These factors led to international isolation, significantly reducing foreign currency and foreign direct investment flow into the country. Investor confidence was severely eroded. Agriculture and tourism, which traditionally, are huge foreign currency earners crumbled.

For the first post independence decade the Banking Act (1965) was the main legislative framework. Since this was enacted when most commercial banks where foreign owned, there were no directions on prudential lending, insider loans, proportion of shareholder funds that could be lent to one borrower, definition of risk assets, and no provision for bank inspection.

The Banking Act (24:01), which came into effect in September 1999, was the culmination of the RBZ’s desire to liberalise and deregulate the financial services. This Act regulates commercial banks, merchant banks, and discount houses. Entry barriers were removed leading to increased competition. The deregulation also allowed banks some latitude to operate in non-core services. It appears that this latitude was not well delimited and hence presented opportunities for risk taking entrepreneurs. The RBZ advocated this deregulation as a way to de-segment the financial sector as well as improve efficiencies. (RBZ, 2000:4.) These two factors presented opportunities to enterprising indigenous bankers to establish their own businesses in the industry. The Act was further revised and reissued as Chapter 24:20 in August 2000. The increased competition resulted in the introduction of new products and services e.g. e-banking and in-store banking. This entrepreneurial activity resulted in the “deepening and sophistication of the financial sector” (RBZ, 2000:5).

As part of the financial reforms drive, the Reserve Bank Act (22:15) was enacted in September 1999.

Its main purpose was to strengthen the supervisory role of the Bank through:

– setting prudential standards within which banks operate

– conducting both on and off-site surveillance of banks

– enforcing sanctions and where necessary placement under curatorship and

– investigating banking institutions wherever necessary.

This Act still had deficiencies as Dr Tsumba, the then RBZ governor, argued that there was need for the RBZ to be responsible for both licensing and supervision as “the ultimate sanction available to a banking supervisor is the knowledge by the banking sector that the license issued will be cancelled for flagrant violation of operating rules”. However the government seemed to have resisted this until January 2004. It can be argued that this deficiency could have given some bankers the impression that nothing would happen to their licences.

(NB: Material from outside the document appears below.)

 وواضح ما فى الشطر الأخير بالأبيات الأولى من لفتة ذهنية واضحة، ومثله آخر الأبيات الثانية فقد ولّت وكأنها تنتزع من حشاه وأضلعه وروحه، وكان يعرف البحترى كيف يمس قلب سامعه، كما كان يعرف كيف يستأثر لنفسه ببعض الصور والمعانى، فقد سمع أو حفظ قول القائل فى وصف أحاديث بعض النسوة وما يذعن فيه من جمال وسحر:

Dr Tsumba, in observing the role of the RBZ in holding bank management, directors and shareholders responsible for banks viability, stated that it was neither the role nor intention of the RBZ to “micromanage banks and direct their day to day operations. “

It appears though as if the view of his successor differed significantly from this orthodox view, hence the evidence of micromanaging that has been observed in the sector since December 2003.

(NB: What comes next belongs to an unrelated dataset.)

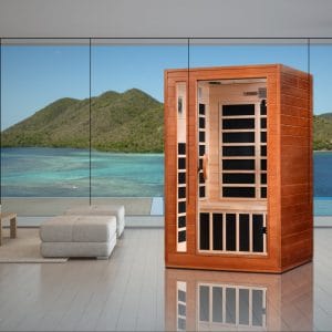 Golden Designs’ Near Zero EMF Saunas offer a natural, low-EMF thermal experience using PureTech Near Zero EMF Heating Technology. These saunas deliver FAR infrared heat with EMF levels kept under 2 milligauss (MG) at a close range of 2 to 3 inches from the heating panels.

In November 2001 the Troubled and Insolvent Banks Policy, which had been drafted over the previous few years, became operational. One of its intended goals was that, “the policy enhances regulatory transparency, accountability and ensures that regulatory responses will be applied in a fair and consistent manner” The prevailing view on the market is that this policy when it was implemented post 2003 is definitely deficient as measured against these ideals. It is contestable how transparent the inclusion and exclusion of vulnerable banks into ZABG was.

A new governor of the RBZ was appointed in December 2003 when the economy was on a free-fall. He made significant changes to the monetary policy, which caused tremors in the banking sector. The RBZ was finally authorised to act as both the licensing and regulatory authority for financial institutions in January 2004. The regulatory environment was reviewed and significant amendments were made to the laws governing the financial sector.

The Troubled Financial Institutions Resolution Act, (2004) was enacted. As a result of the new regulatory environment, a number of financial institutions were distressed. The RBZ placed seven institutions under curatorship while one was closed and another was placed under liquidation.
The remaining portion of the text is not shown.